My next partner smoked until we decided to try and use my body to make a family and so we quit for almost 2 years save for one day every month when we knew that failure was once again real, and we had one day of debauchery before climbing on the wagon again.

And when we fell apart my nicotine laden friends were there to get me through, and they did a pretty good job of it.  And I worked really hard to convince myself that smoking was cool. I even told YOU that you should have a lighter on you at all times “just in case” someone needs a light.  And while I love my flashy Zippo and know how to do some neat lighter tricks,  I’m realizing that maybe it isn’t so cool. I’m not James Dean and never will be, and I need to remember that he didn’t live long enough to get emphysema, or have his activities limited by his lung functions.

And now, with so much good to look forward to on the horizon, it’s time for me to quit. The reality is that I want a family. I LOVE being active. I like to run and bike and hike and push my body. And I know that smoking is not helping me to achieve any of this.  I went mountain biking yesterday and my lungs have STILL not recovered fully from the outing – and It’s not like I smoke a WHOLE lot – probably about a half pack a day. But it adds up, and takes its toll, and…well, enough.

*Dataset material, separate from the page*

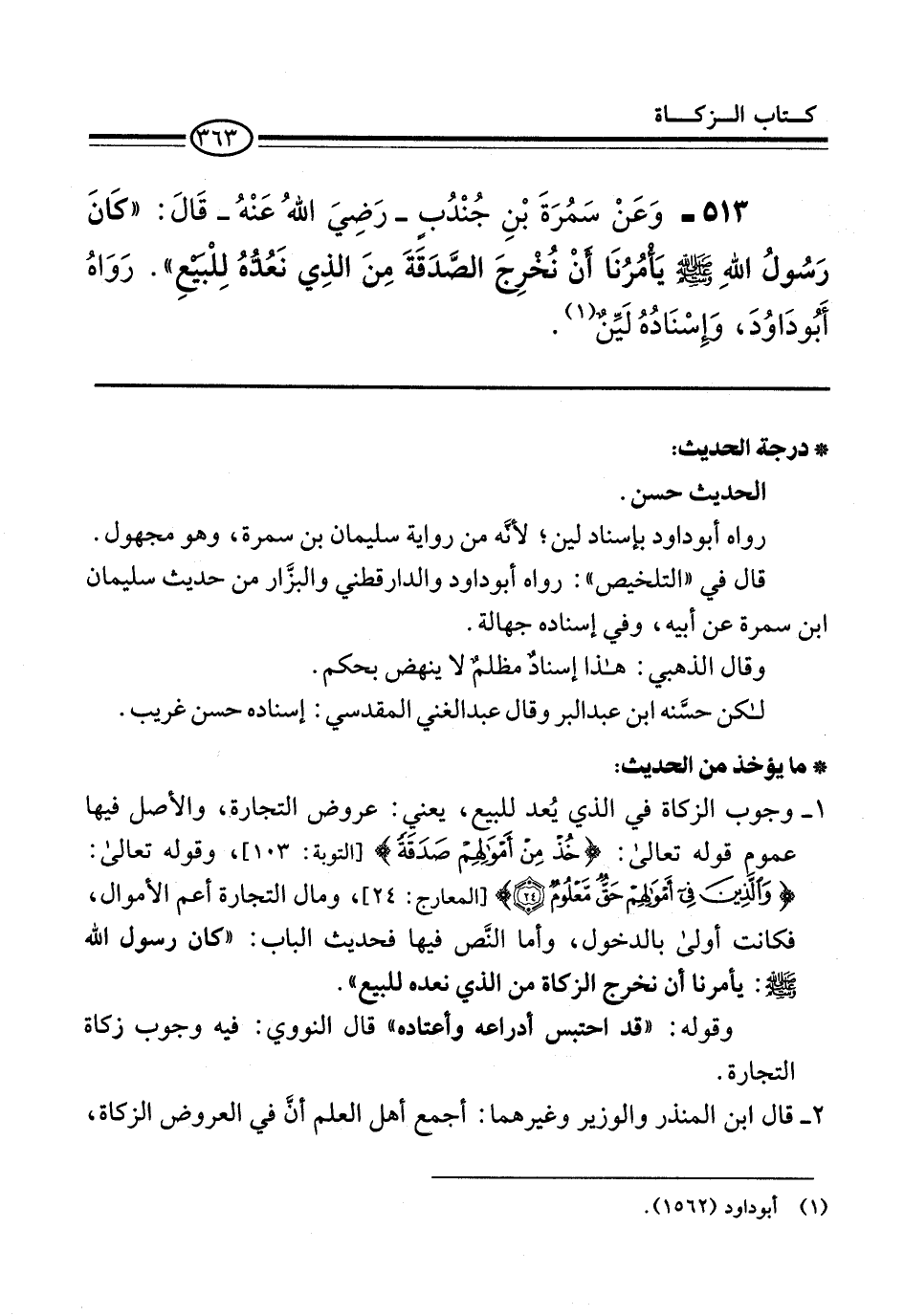 513 - وَعَنْ سَمُرَةَ بْنِ جُنْدُبٍ -رَضِيَ اللهُ عَنْهُ- قَالَ: "كَانَ رَسُولُ الله -صلى الله عليه وسلم- يَأْمُرُنَا أنْ نُخْرِجَ الصَّدَقَةَ مِنَ الذِي نَعُدُّهُ لِلْبَيْعِ". رَوَاهُ أَبُو دَاوُدَ، وَإِسْنَادُهُ لَيِّنٌ (¬1).

Additionally, I want to be around the SL for a long time – and we owe it to each other and the love we have to be as healthy as I can for her, and she for me.

It’s not going to be pretty or easy – but I’m going to rely on all of my strengths and my support team and my love and my friends and all of the characteristics of me that make me a strong and confident butch to get me through this.

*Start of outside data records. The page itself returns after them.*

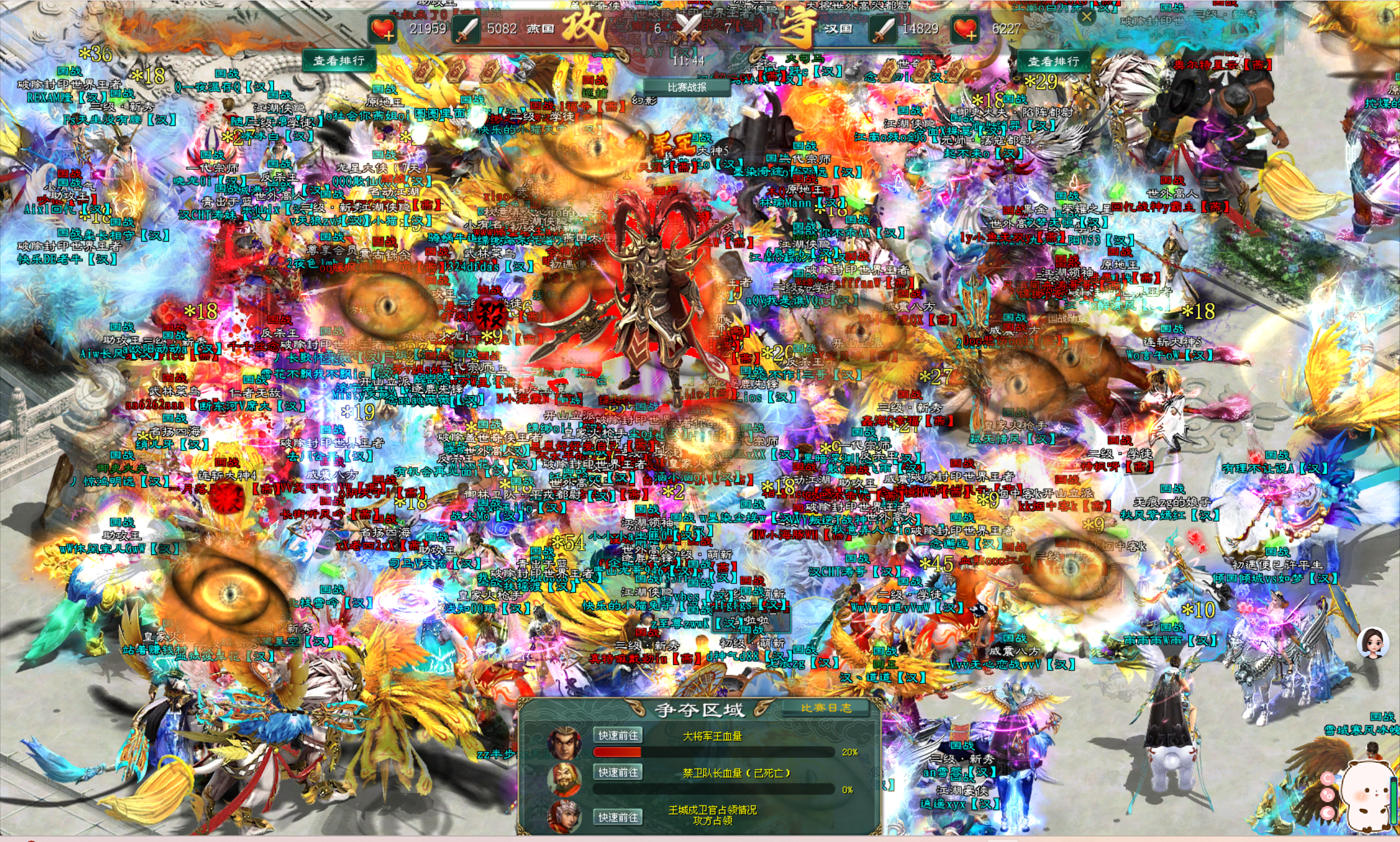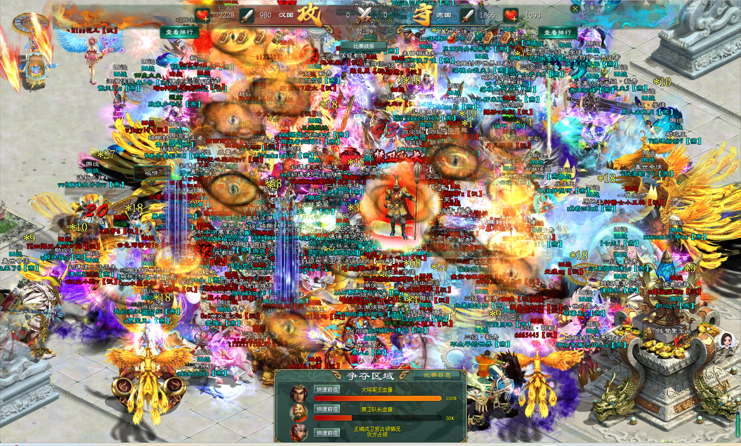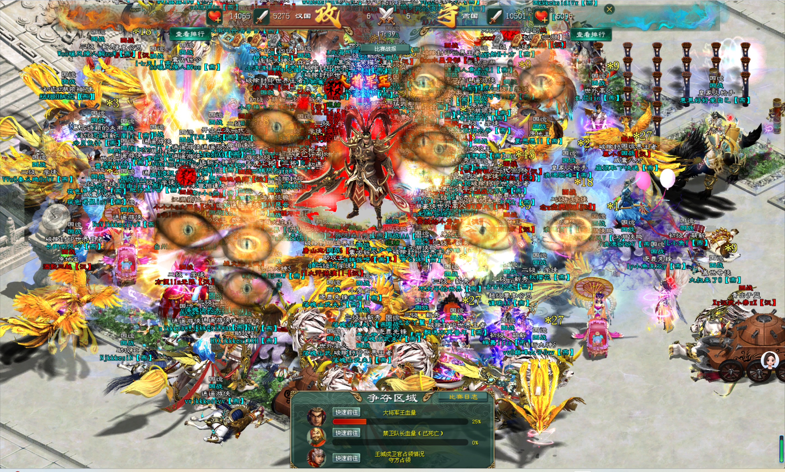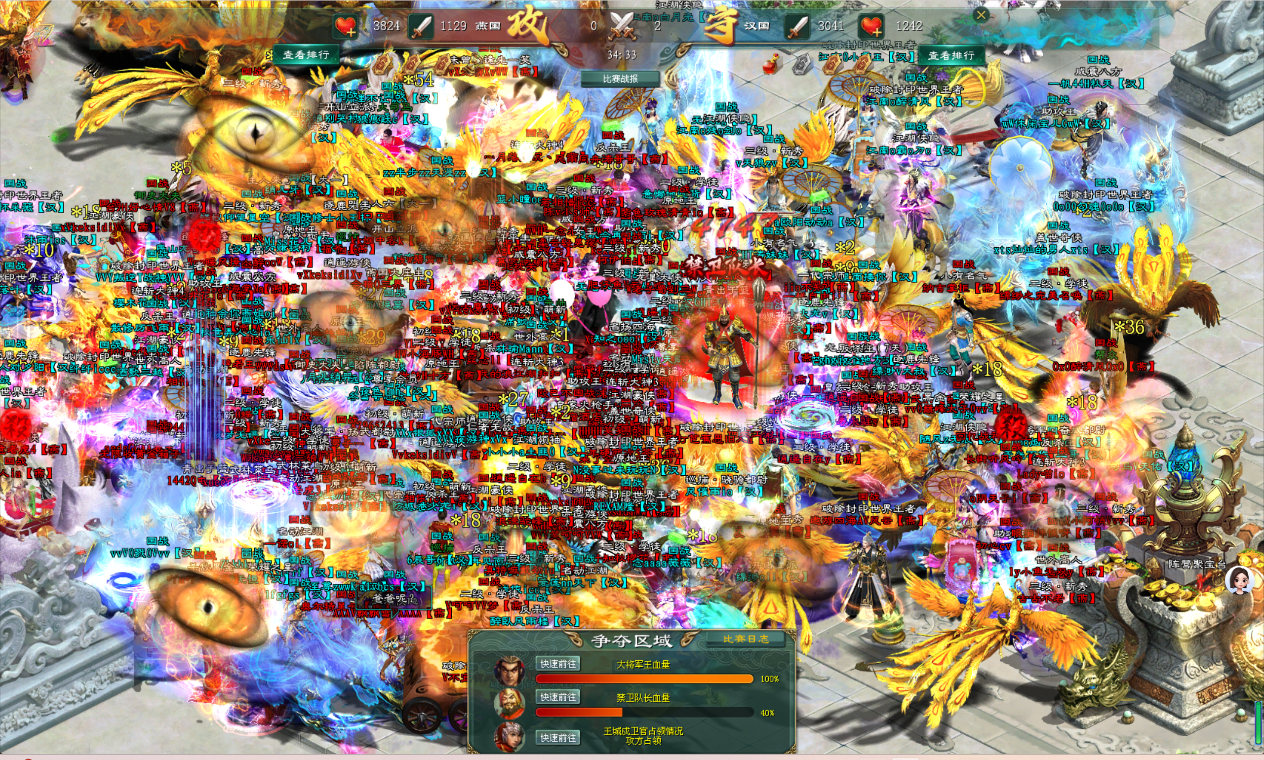 当国战开启时,南方阵营汉国所有参战的将士们剑指禁卫队长,所有人手中的武器全部牢牢锁定在了禁卫队长的身上。而防守的北方阵营燕国将士们则将南方阵营汉国将士团团包围,各种技能与大招不停地施放在那些正在攻击禁卫队长的南方阵营汉国将士身上。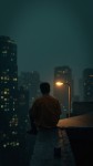 Rooftop Night Scene with Lone Figure Sitting Under Streetlamp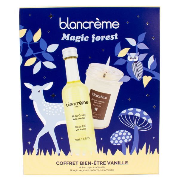 a wellbeing gift set combining a nourishing vanilla body oil for massage use and a vanillascented room candle for a relaxing soothing sensory experience a gift set for yourself or to share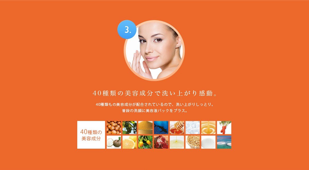 16種類が植物エキスを始め計40種類の美容成分を全体の90%配合。肌にやさしい洗顔ができます。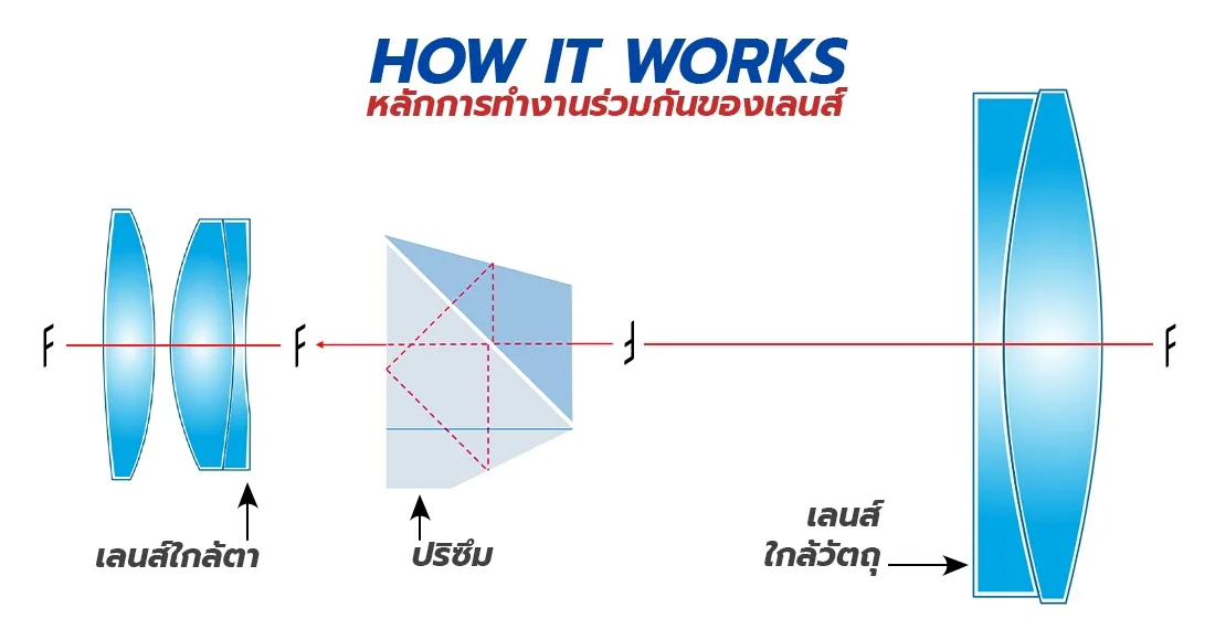 3. เลนส์ใกล้ตา : ขยายภาพ โดยรับแสงจากปริซึม และขยายภาพนั้น ก่อนส่งเข้าสู่ดวงตาของเรา

10 Responses to “And a good butch continues to admit her failings…”

  1. Quitting smoking was one of the hardest things I have ever done. Harder than leaving my husband and coming out again, harding than moving 700 miles from my family, harder than breaking up with my last long term partner– it was so difficult. And about once a week I think “I could have just one” but I know that I can’t have just one… I can’t have any at all. Cigarette smoke gives me a headache now. I don’t think I could ever date a smoker again. I hate the smell when a smoker walks past my seat on the bus, or sits next to me in a meeting at work.

    I am so proud of you for choosing this for yourself. You know I’m here when you need an ear.

    If anyone else wants to read what I’ve written about quitting, you can do so here:

  2. I’ve never smoked, but my girlfriend did. She quit a little over a year ago. The most important thing for her is the way that her relationship with her body is changed. She always says that running saved her from smoking. After a few weeks, you’ll notice the difference in your pace. Best of luck to you.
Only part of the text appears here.